- _Data supplied_
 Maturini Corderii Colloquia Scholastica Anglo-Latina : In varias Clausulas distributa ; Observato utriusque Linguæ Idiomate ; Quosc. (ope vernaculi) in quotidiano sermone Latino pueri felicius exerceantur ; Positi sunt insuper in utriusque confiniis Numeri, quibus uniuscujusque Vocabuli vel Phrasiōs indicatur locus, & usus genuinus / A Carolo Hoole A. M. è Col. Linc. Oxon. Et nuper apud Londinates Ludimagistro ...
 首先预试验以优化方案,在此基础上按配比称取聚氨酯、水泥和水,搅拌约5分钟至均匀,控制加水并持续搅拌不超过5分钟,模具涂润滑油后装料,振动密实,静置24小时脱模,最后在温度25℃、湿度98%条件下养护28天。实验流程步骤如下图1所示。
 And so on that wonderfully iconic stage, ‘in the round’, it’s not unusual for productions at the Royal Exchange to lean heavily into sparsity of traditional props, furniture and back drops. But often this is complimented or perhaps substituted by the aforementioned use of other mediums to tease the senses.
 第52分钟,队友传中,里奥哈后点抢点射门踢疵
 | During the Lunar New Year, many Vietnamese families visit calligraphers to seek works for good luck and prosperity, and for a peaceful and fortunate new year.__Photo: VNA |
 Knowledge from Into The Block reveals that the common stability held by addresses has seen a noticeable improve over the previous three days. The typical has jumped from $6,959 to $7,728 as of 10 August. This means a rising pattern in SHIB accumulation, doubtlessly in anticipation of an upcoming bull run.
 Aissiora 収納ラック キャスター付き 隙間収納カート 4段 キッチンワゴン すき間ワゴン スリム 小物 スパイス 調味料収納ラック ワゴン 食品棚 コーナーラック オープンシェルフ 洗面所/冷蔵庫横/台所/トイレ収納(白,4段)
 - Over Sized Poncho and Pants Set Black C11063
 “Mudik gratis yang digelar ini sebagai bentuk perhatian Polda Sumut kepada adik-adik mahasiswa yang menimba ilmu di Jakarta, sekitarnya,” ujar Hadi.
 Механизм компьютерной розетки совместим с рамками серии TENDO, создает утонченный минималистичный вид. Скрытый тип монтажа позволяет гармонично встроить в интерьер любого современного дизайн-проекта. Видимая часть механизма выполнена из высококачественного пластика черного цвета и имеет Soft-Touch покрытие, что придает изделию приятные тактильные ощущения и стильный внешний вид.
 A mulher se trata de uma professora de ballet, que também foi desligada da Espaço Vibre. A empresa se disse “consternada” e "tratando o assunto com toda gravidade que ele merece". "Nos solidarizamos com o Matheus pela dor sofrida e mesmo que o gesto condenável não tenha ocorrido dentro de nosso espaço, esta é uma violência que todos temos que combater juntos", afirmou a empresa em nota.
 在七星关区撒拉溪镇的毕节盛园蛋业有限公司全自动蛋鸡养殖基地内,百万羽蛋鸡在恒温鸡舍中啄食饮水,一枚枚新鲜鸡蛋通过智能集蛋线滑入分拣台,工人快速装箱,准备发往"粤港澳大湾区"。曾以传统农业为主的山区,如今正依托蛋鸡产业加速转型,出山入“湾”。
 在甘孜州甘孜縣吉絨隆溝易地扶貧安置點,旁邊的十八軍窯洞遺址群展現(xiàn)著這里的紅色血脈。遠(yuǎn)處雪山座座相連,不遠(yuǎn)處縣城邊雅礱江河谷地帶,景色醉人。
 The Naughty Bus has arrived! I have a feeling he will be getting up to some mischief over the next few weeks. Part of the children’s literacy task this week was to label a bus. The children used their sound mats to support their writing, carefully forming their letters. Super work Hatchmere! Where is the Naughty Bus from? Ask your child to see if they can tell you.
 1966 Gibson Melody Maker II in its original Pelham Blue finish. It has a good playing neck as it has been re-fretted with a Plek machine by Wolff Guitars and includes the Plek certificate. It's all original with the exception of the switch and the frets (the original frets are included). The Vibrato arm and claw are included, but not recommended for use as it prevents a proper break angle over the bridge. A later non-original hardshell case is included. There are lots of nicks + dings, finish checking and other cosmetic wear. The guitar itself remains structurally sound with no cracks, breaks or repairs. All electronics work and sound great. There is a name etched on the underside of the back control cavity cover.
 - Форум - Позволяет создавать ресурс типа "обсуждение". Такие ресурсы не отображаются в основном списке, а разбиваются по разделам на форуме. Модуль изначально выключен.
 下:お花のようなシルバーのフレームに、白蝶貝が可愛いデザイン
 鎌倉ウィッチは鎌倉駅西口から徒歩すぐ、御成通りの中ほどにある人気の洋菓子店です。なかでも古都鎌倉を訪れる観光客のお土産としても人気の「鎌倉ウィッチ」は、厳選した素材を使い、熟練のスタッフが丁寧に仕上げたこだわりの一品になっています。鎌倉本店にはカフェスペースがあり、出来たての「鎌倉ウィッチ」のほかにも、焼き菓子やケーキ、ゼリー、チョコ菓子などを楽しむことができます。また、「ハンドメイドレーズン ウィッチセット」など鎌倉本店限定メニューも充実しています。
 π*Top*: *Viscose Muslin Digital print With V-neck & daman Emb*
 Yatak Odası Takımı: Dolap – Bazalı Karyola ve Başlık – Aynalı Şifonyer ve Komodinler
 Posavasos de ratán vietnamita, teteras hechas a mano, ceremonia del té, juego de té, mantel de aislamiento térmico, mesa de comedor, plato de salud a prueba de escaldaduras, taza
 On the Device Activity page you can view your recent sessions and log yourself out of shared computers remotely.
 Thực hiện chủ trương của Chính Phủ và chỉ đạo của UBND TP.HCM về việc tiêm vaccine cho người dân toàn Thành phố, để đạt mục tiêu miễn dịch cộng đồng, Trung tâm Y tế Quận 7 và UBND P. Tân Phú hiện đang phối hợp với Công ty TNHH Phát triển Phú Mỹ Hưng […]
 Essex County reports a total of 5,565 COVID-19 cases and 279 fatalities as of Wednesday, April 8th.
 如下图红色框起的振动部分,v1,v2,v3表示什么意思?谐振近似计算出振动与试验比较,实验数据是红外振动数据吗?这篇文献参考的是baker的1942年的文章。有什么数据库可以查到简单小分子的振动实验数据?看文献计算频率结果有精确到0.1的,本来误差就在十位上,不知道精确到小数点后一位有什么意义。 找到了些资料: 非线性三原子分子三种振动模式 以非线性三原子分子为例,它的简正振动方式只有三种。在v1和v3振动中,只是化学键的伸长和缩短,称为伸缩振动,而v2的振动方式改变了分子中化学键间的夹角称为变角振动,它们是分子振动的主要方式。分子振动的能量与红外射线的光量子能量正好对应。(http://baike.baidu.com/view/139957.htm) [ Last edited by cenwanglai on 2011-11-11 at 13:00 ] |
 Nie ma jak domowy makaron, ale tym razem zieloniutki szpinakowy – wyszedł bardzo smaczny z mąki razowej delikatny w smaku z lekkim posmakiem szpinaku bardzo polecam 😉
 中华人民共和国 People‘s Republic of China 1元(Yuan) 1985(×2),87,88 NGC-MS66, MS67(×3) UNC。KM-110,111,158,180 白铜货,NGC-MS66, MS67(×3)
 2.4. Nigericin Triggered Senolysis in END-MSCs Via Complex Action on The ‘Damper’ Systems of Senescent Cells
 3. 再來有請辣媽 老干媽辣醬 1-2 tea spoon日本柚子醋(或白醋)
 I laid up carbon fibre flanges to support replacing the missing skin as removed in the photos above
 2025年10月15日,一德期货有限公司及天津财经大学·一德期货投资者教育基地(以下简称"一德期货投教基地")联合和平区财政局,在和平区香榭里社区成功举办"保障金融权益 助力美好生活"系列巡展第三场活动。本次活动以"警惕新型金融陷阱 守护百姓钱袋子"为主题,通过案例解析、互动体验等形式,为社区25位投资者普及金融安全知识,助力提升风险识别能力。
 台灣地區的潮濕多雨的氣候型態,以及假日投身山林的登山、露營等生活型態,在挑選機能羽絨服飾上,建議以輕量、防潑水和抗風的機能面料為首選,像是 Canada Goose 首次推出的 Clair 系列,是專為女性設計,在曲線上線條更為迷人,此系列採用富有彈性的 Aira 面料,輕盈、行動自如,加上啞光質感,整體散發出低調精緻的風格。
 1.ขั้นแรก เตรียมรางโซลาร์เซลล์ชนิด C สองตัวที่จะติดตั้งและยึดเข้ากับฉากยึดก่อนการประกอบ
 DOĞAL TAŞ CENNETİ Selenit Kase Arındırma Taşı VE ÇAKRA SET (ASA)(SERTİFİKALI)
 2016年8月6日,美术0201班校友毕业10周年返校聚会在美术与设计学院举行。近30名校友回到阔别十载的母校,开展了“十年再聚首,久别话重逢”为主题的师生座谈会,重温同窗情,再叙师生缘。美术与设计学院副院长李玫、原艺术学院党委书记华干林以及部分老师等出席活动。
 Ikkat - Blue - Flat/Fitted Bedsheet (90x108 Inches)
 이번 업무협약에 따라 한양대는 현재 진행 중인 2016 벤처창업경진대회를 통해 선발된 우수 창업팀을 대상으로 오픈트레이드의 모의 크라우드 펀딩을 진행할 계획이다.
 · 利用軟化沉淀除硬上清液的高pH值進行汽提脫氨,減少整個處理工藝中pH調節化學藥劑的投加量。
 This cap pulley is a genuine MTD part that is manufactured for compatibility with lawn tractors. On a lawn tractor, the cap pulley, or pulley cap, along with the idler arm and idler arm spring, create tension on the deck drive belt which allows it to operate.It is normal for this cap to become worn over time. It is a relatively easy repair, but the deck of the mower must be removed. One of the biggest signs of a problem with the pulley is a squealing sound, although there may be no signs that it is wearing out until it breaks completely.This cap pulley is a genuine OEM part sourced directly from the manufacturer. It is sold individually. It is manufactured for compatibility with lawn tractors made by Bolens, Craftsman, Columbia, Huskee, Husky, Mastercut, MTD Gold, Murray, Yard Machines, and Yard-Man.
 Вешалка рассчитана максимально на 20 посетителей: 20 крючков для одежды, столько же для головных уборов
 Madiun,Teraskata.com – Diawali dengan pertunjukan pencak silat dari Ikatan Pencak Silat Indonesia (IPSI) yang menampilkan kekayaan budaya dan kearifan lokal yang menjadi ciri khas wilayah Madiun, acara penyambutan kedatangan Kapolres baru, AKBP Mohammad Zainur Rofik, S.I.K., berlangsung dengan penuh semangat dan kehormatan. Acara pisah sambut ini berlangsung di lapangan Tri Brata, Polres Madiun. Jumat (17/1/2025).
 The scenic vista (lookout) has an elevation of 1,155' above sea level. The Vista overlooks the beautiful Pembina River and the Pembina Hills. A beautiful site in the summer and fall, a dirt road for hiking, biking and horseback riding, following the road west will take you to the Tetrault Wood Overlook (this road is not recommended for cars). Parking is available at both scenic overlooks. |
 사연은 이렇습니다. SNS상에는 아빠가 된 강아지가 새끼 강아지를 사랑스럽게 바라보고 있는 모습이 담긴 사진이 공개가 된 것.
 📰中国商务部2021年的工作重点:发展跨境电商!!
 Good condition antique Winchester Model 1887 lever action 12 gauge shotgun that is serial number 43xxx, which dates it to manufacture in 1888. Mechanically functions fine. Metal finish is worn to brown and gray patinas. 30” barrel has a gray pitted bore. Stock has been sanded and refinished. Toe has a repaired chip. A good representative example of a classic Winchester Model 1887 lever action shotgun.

- _Work task_
The answer is the lines above between the line holding "Aissiora 収納ラック キャスター付き" and the line holding "Механизм компьютерной розетки", inclusive, each written out exactly, and no others.

- _Expected answer_
 Aissiora 収納ラック キャスター付き 隙間収納カート 4段 キッチンワゴン すき間ワゴン スリム 小物 スパイス 調味料収納ラック ワゴン 食品棚 コーナーラック オープンシェルフ 洗面所/冷蔵庫横/台所/トイレ収納(白,4段)
 - Over Sized Poncho and Pants Set Black C11063
 “Mudik gratis yang digelar ini sebagai bentuk perhatian Polda Sumut kepada adik-adik mahasiswa yang menimba ilmu di Jakarta, sekitarnya,” ujar Hadi.
 Механизм компьютерной розетки совместим с рамками серии TENDO, создает утонченный минималистичный вид. Скрытый тип монтажа позволяет гармонично встроить в интерьер любого современного дизайн-проекта. Видимая часть механизма выполнена из высококачественного пластика черного цвета и имеет Soft-Touch покрытие, что придает изделию приятные тактильные ощущения и стильный внешний вид.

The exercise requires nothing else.